In our application, we have modified this method to use a ReadWriteLock 
instead, providing unlimited concurrent {{get()}} operations but blocking 
{{put()}} operations by using a double-checked locking idiom:

{code}import java.util.concurrent.locks.ReadWriteLock;
import java.util.concurrent.locks.ReentrantReadWriteLock;

(...)

    private final ReadWriteLock lock = new ReentrantReadWriteLock (true);

(...)

    public ConcurrentMap<String, L> getLoggersInContext(final LoggerContext 
context) {
        ConcurrentMap<String, L> loggers;
        lock.readLock ().lock ();
        try {
            loggers = registry.get (context);
        } finally {
            lock.readLock ().unlock ();
        }

        if (loggers != null) {
            return loggers;
        } else {
            lock.writeLock ().lock ();
            try {
                loggers = registry.get (context);
                if (loggers == null) {
                    loggers = new ConcurrentHashMap<> ();
                    registry.put (context, loggers);
                }
                return loggers;
            } finally {
                lock.writeLock ().unlock ();
            }
        }
    }{code}

The {{ReadWriteLock}} interface and the {{ReentrantReadWriteLock}} 
implementation have been available since Java 5. The performance gains from 
using read locks have so far been considerable.

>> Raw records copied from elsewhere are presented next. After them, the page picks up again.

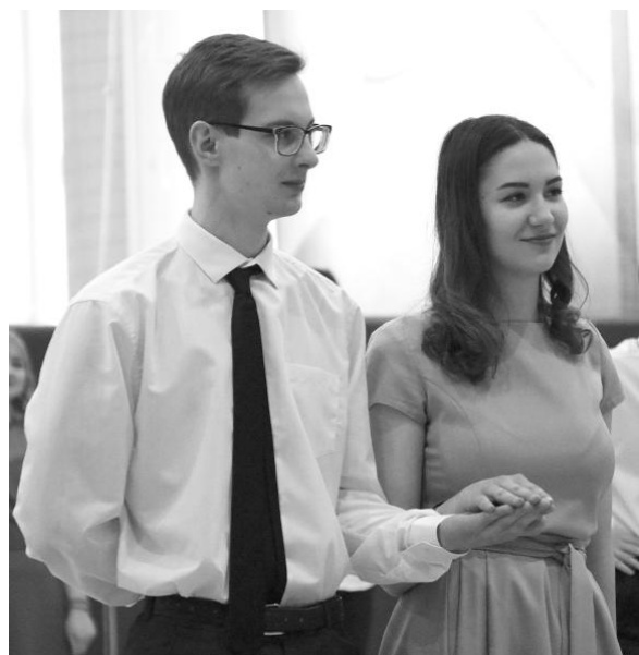
Танец взорвал зал от эмоций
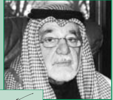
الشيخ أحمد بزيغ الياسين رئيس الهيئة
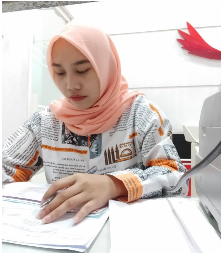
Pencatatan Register ATM
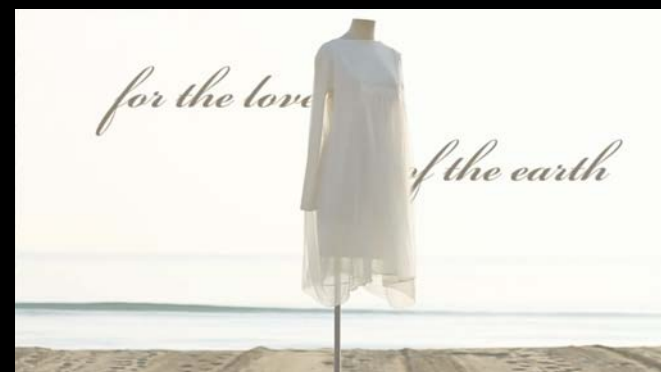
CLIENTE EUROPEAN CULTURE
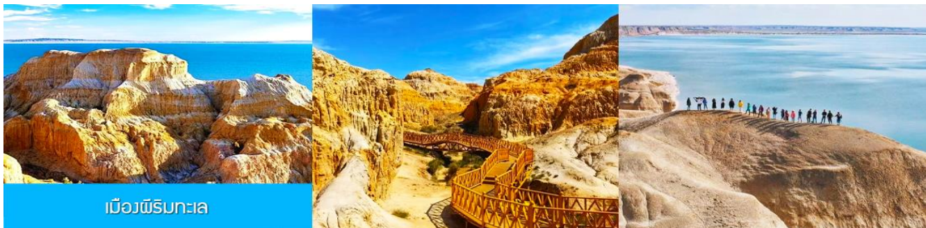
เมืองผีริมทะเล

นำท่านเที่ยวชม เมืองผีริมทะเล 海上魔鬼城 (คล้ายแพะเมืองผีที่อยู่ติดทะเล) เป็นอุทยานท่องเที่ยวกลางทะเลทรายกว้างใหญ่ที่ห่างไกลผู้คน มีลักษณะภูมิประเทศทางธรณีวิทยาน่าพิศวง นำท่านเดินตามระเบียงชมวิวเพลินเพลิดเพลินกับทัศนียภาพที่น่าพิศวงของภูเขาหินแบบต้นเสียดที่คล้ายกับภูเขาสายรุ้งในมณฑลกานซู่ งามน่าขำด้วยทะเลสาบขนาดใหญ่ ที่มองไกลสุดตาคล้ายท้องทะเล จนเป็นที่มาของชื่ออุทยาน ว่าเป็นเมืองผีกลางทะเล (ทะเลสาบ)
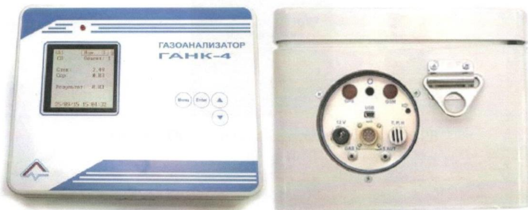
Рисунок 1 - Общий вид газоанализаторов ГАНК-4АР, ГАНК-4А, ГАНК-4Р

Внешние виды газоанализаторов различных модификаций приведены на рисунках 1-5. Газоанализатор ГАНК-4М выпускается в корпусах разных исполнений (рисунки 3.1, 3.2).
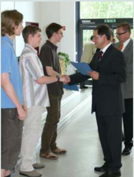
Auszeichnung der Landessieger
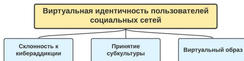
Рисунок 2. – Компонентная структура виртуальной идентичности

В параграфе 3.1 «Психологическая структура виртуальной идентичности пользователей социальных сетей» описана внутренняя компонентная и внешняя факторная структура виртуальной идентичности. Факторный анализ результатов теста «ВИПСС» позволил сделать вывод о воспроизводимости внутренней компонентной структуры виртуальной идентичности (рисунок 2), включающей такие компоненты, как «склонность к кибераддикции», «принятие субкультуры», «виртуальный образ». Виртуальная идентичность, при определенной автономности входящих в ее состав компонентов, характеризуется их качественным своеобразием. В связи с этим, эмпирически подтверждена первая частная гипотеза.
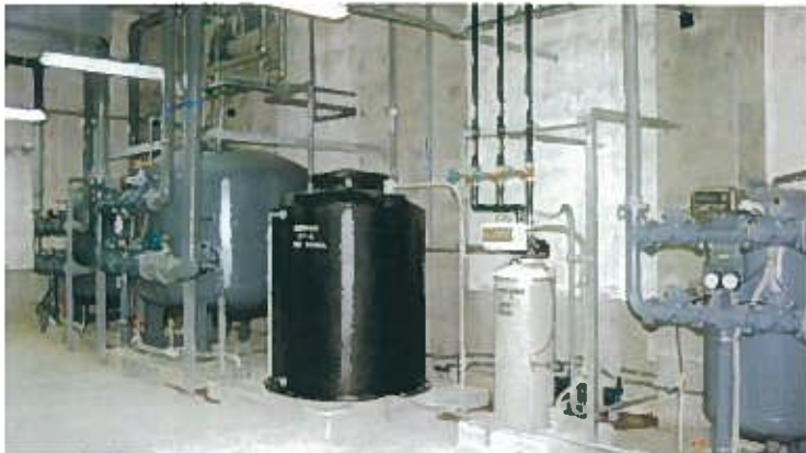
ザ・ブセナテラスプール施設(平成9年)
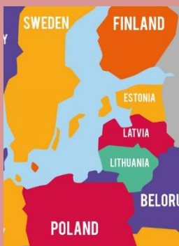
Kaart gemaakt door freepik
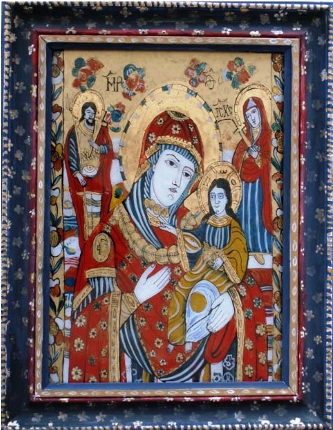
Icoana pe sticla “Maica Domnului cu Pruncul”
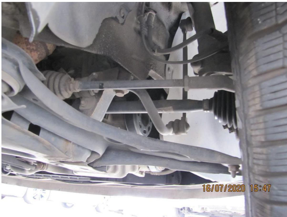
Fot. nr 106
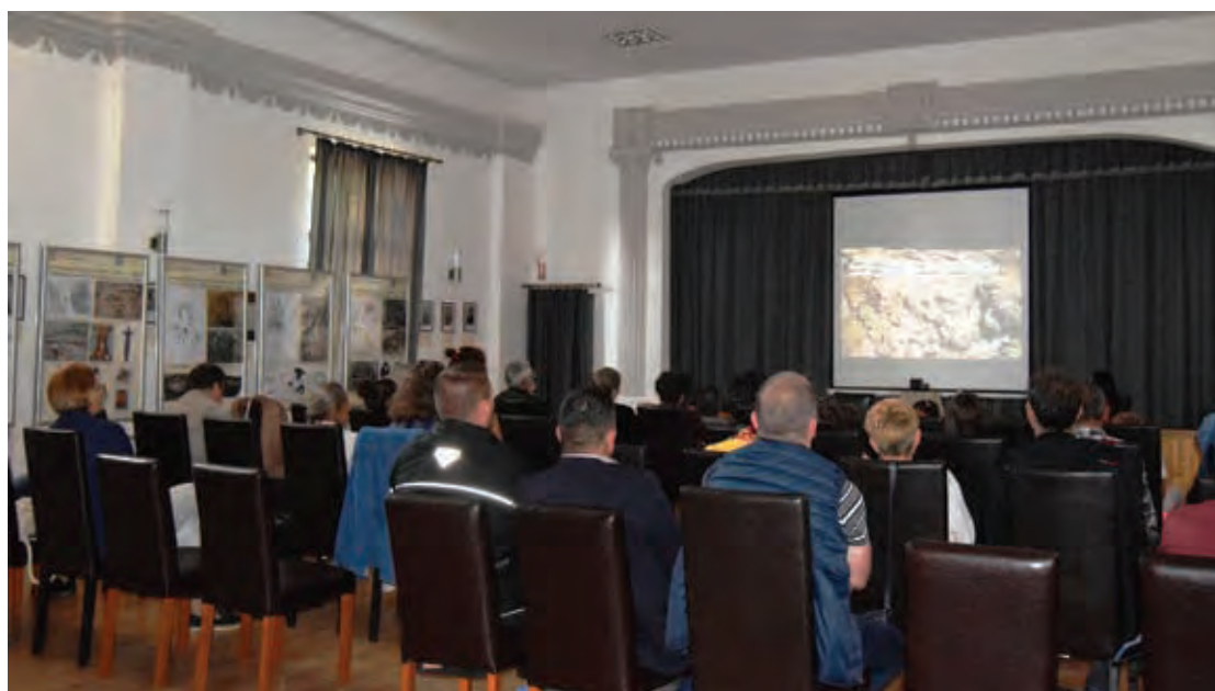
Fig. 14 Lecție deschisă pentru membrii comunității din Păuleni-Ciuc, jud. Harghita (septembrie 2021).

Fig. 13 The “Surprise Box” game made and used in MNCR/NMEC activities.

Why are we constantly re-instantiating loggers instead of, for example, keeping 
a {{static final Logger}} in our classes? In many cases it's because the class 
which holds the logger is a base class, and it can't use a static logger in 
case a different outlet has been specified for the actual derived class which 
has been instantiated. Some of these objects, for example 
{{AbstractMediaTypeExpression}} in the Spring framework, are constantly being 
destroyed and reconstructed. Where reasonable for our application, we've also 
patched those other classes to just use {{static final}} Loggers, but there are 
a lot of them and it is ultimately better to solve this problem at the source.